I found a new program the other day and so far it's earned my seal of approval. It's called ObjectDock, by Statdock. You know that bar of icons on the bottom screen of every Mac? Well, this is the PC version. I found it for free at Stardock.com where they offer all sorts of free (and paid for) packages. I've tried some of their other programs, but this one seems to actually be helpful. One of the features I like is the ability to add docklets, or buttons that do a little more than just act as a shortcut. I went to wincustomize.com and found all sorts to choose from. One docklet displays icons from my system tray so I can completely hide my task bar and gain that space back. Another one I like I found at aqua-soft.org which will put folder contents into a stack for easy viewing. There are many more, like a battery monitor, to choose from.

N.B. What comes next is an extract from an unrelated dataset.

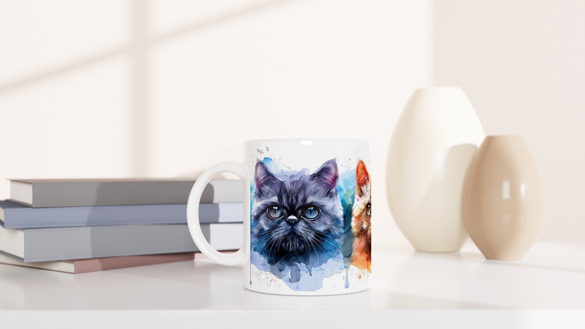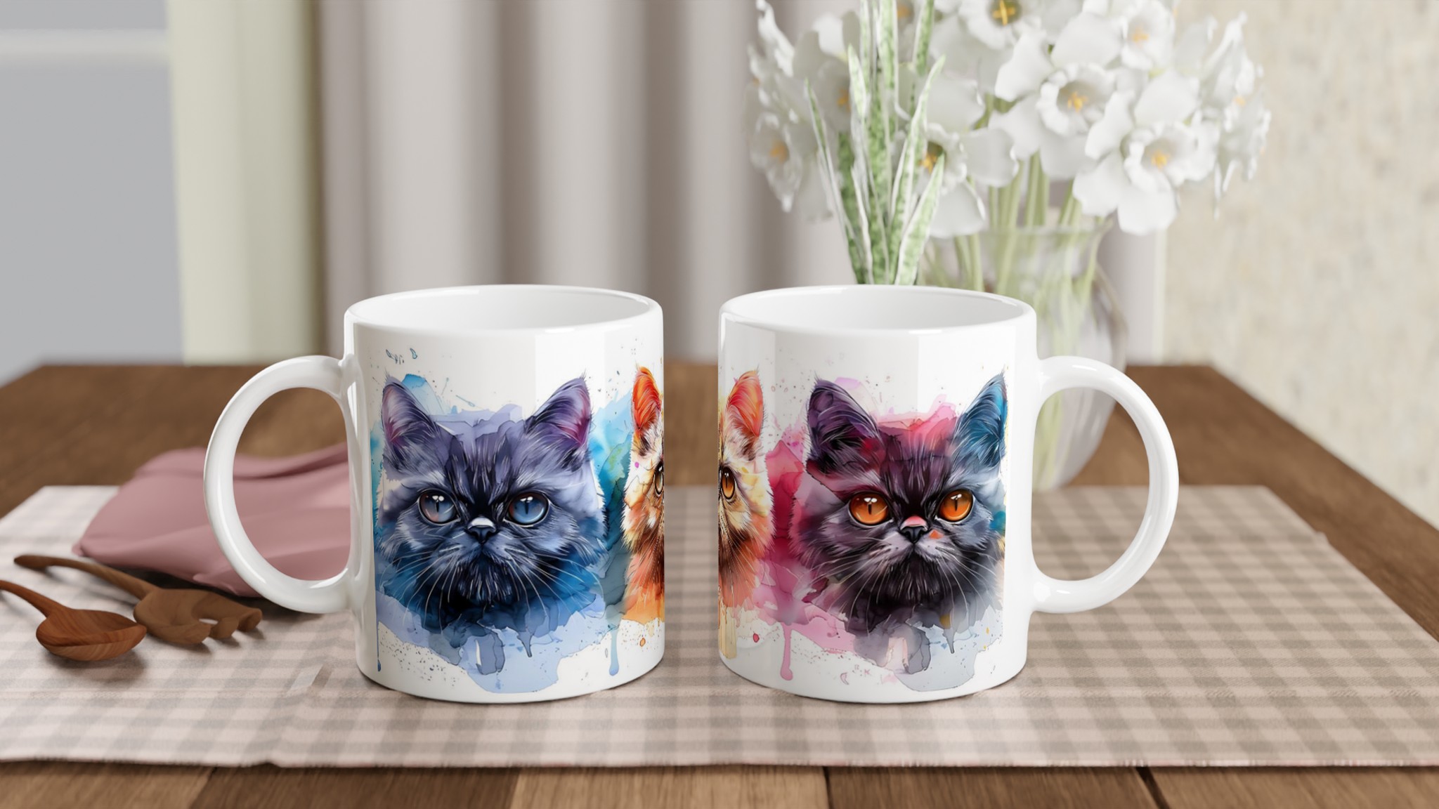 Den blanka vita ytan gör att trycken framhävs med klara och levande färger, som håller sig fina även efter många turer i mikron och diskmaskinen. Välj din favoritfärg och låt den lysa upp din dag! Muggen är inte bara praktisk – den är också en uppskattad present till familj, vänner eller kollegor. En enkel men personlig gåva som alltid kommer till användning och hyllar kattälskaren i ditt liv.

I really like this program because it gives me back my desktop. I don't have to share it with task bar, or deal with the task bar popping out any time something happens. You know what? This is enough reading. Go ahead and download it and try it for a week. Trust me, I think you'll like it and if you have any questions feel free to send them my way.

Thursday, February 28, 2008

Web Crawler Research

I've recently been doing a lot of research on making a web crawler and it's fairly interesting. Basically, a web crawler is a program that makes a map of the web. You start out with a url, say JamesFurlo.com, and then this application scans the page for all of the links. It creates a list of those links for later processing. Then, the application reads the current page. It can look at everything (pictures, layout, meta tags, etc.) or it could just look at a couple things, like just the text. It then takes that information and stores it - probably on a server.

Once it's done everything you want it to do on that page it goes to the first link on the list recently created, say JamesFurlo.com/eFlash, and starts all over. First, creating a list of new links (pages) and then taking an inventory (also called indexing) of the items on the page.

It's a fairly simple process, but can get kind of hairy fast. I mean, just think of all the links on Yahoo! or Digg. The list of pages to visit can get long very fast. As a matter of fact, most web crawlers are estimated to only cover up to 16% of the web at one time. The problem is that the application simply can't run fast enough to view everything out there because pages are being added and changed way too fast.

Isn't that crazy! I've found that to build a web crawler is pretty straight forward, but to make one that works efficiently is more of a challenge. The big challenge I'm facing right now is deciding what language to use. You see, web crawlers are so flexible they can be written in PHP, Perl, Python, Java or even C++. What's the best choice? Good question.

I guess the trick is to pick a language I'm kind of comfortable with and start there. I should probably just try and make one with the understanding that it won't be optimized, but at least I've got something to improve on.

We'll see if it works out. My personal goal is to have something working by the end of next week. Wish me luck.